Lady Grace smiled. “I am to miss all the entertainment aboard, Captain?”

That brought laughter. Sharpe had never seen her ladyship so relaxed in company. The candles glinted off her diamond earrings and necklace, from the jewels on her fingers and from her bright eyes. Her vivacity was captivating the whole table, all except for her husband who wore a slight frown as though he feared his wife had drunk too much of the blackstrap or the Miss Taylor. Sharpe was assailed with the jealous thought that perhaps she was responding to the handsome and genial Chase, but just as he felt that envy she glanced down the table and briefly caught his eye. Braithwaite saw it and stared down at his plate.

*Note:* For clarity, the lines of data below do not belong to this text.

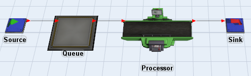 - Next, add an additional Queue which will act as a storage area for the sticker rolls. Place the Queue a short distance from the Processor in the model.
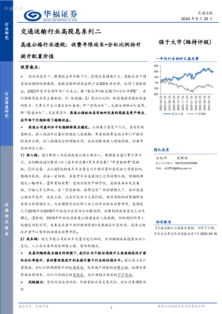 华福证券:交通运输行业高股息系列二:高速公路行业透视:收费年限延长+分红比例抬升提升配置价值.pdf
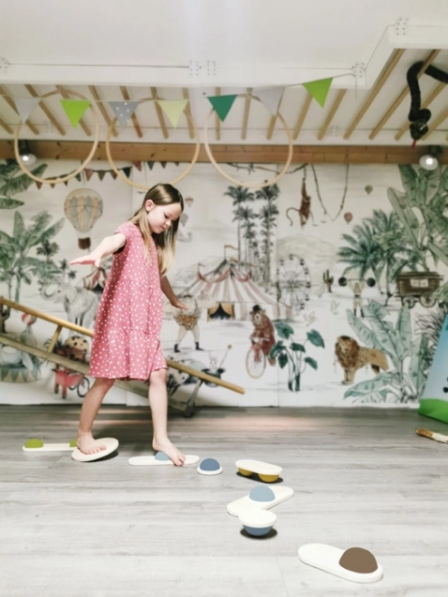 Această jucărie nu este doar distractivă, ci și potrivită pentru scopuri terapeutice, ajutând la dezvoltarea condiției fizice, a echilibrului și a coordonării. Formele fluide și designul simplu cu elemente din lemn natural fac din aceste pietre un accesoriu estetic plăcut pentru orice cameră.
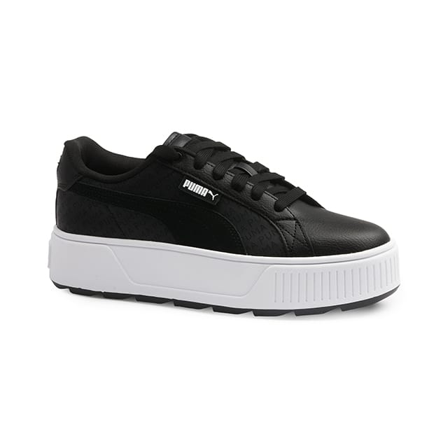 The Karmen Logobsession of Puma are sneakers that combine style and comfort for everyday use. These shoes, designed for fashion lovers, are perfect for a walk or leisure. Their leather and synthetic upper and upper offer versatility and flexibility, while the textile lining ensures softness and lightness. The textile insole and synthetic outsole provide protection and stability. The Karmen Logobsession are available in black, a classic color that fits all styles. -

“I have never entirely understood,” Lord William said, breaking the moment’s mood, “why you fellows insist on taking your ships up close to the enemy and battering their hulls. Easier, surely, to stand off and destroy their rigging from a distance?”

“That’s the French way, my lord,” Chase said. “Bar shot, chain shot and round shot, fired on the uproll and intended to take out our sticks. But once they’ve dismasted us, once we’re lying like a log in the water, they still have to take us.”

“But if they have masts and sails and you do not,” Lord William pointed out, “why can they not just pour their broadsides into your stern?”

“You assume, my lord, that while our notional Frenchman is trying to unmast us, we are doing nothing.” Chase smiled to soften his words. “A ship of the line, my lord, is nothing more than a floating artillery battery. Destroy the sails and you still have a gun battery, but dismount the cannons, splinter its decks and kill the gunners and you have denied the ship its very purpose of existence. The French try to give us a long-range haircut, while we get up close and mangle their vitals.” He turned to Lady Grace. “This must be tiresome, milady, men talking of battle.”

“I have become used to it these past weeks,” Grace said. “There was a Scottish major on the Calliope who was ever trying to persuade Mister Sharpe to tell us such tales.” She turned to Sharpe. “You never did tell us, Mister Sharpe, what happened when you saved my cousin’s life.”